*Task requirements*: An exact copy is required of every line from the one with "クレンジングフォーム+鎮静パック1つで完了! 自然由来成分をふんだんに込めたメレンゲソープ 水分72%配合でまだらな肌を鎮静🩷" through the end of the data below, and the pictures must stay out of it.

*Collected material*:
= Beginning of Section =
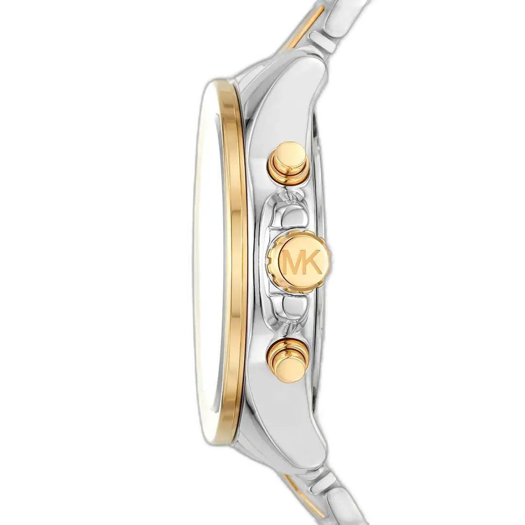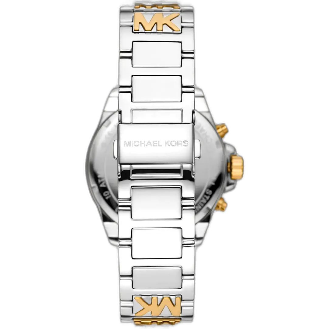 The core aesthetic of the Michael Kors MK6953 Watch is defined by the harmonious contrast of the dual metallic tones. The large round case (typically 42mm in diameter) is expertly crafted from durable stainless steel and features a sophisticated two-tone finish. The Silver-Tone forms the primary casing, while the Gold-Tone provides elegant accents on the bezel, crown, and inner links of the bracelet. The dial maintains an elegant Silver-Tone or white finish, providing a clean backdrop to the metallic accents. The watch utilizes simple stick indices and hands, designed to unify the dual metallic finish, maintaining clarity and reinforcing the refined look. The bezel is often fully set with brilliant crystals (Pavé), adding Michael Kors’ signature touch of continuous sparkle.
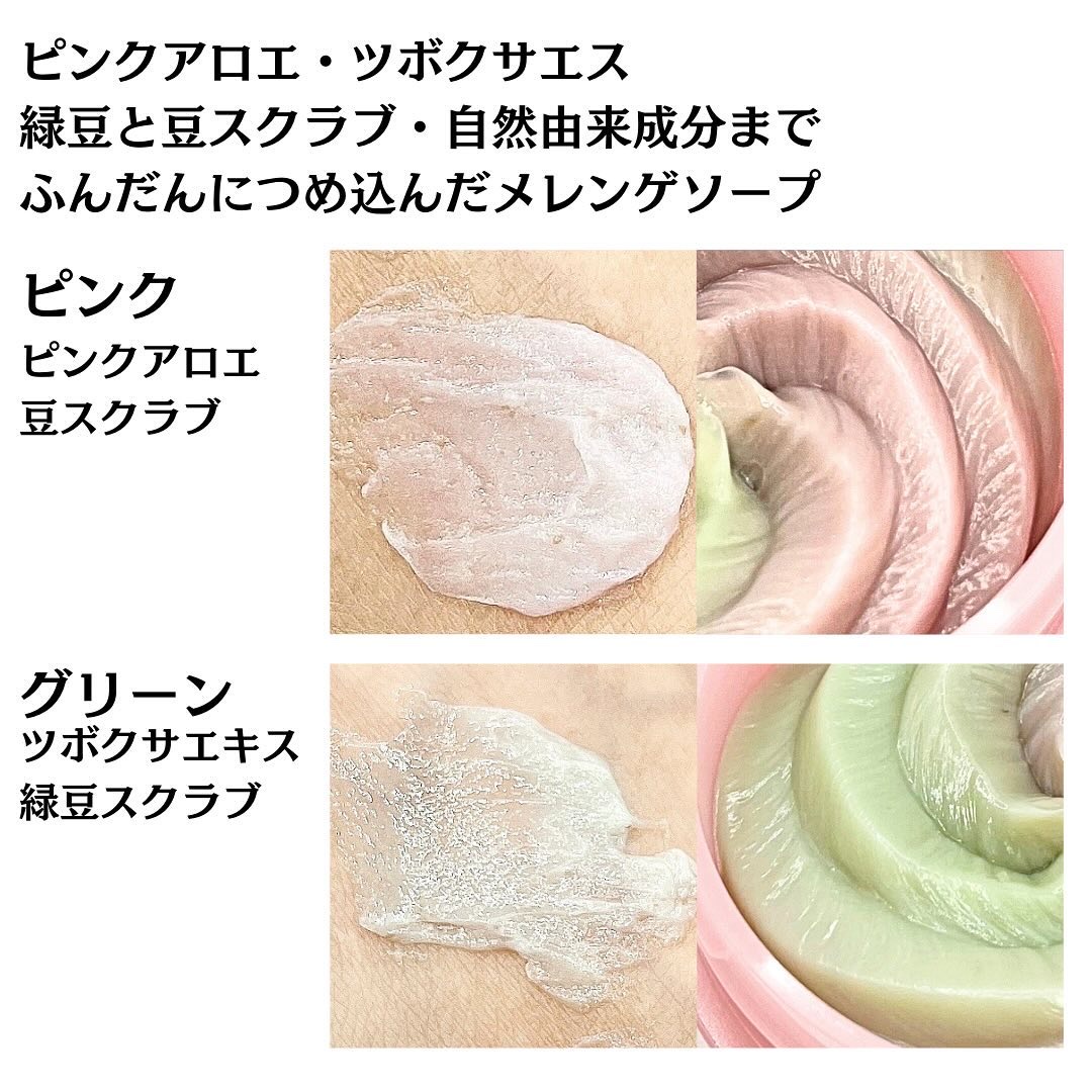 クレンジングフォーム+鎮静パック1つで完了! 自然由来成分をふんだんに込めたメレンゲソープ 水分72%配合でまだらな肌を鎮静🩷 𝗚𝗿𝗲𝗲𝗻 - ツボクサエキス、緑豆スクラブ 柔らかく粘り気のあるテクスチャーがメイクと老廃物までしっかり密着˖ ࣪⊹
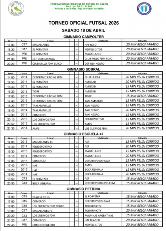 USHUAIA.- Debido a los pocos espacios disponibles para la disputa de encuentros, solo habra cotejos el dia sabado, divididos en Campolter, Escuela 47 de Andorra, Colegio Sobral y Petrina.
= End of Section =
*Problem solution*:
 クレンジングフォーム+鎮静パック1つで完了! 自然由来成分をふんだんに込めたメレンゲソープ 水分72%配合でまだらな肌を鎮静🩷 𝗚𝗿𝗲𝗲𝗻 - ツボクサエキス、緑豆スクラブ 柔らかく粘り気のあるテクスチャーがメイクと老廃物までしっかり密着˖ ࣪⊹
 USHUAIA.- Debido a los pocos espacios disponibles para la disputa de encuentros, solo habra cotejos el dia sabado, divididos en Campolter, Escuela 47 de Andorra, Colegio Sobral y Petrina.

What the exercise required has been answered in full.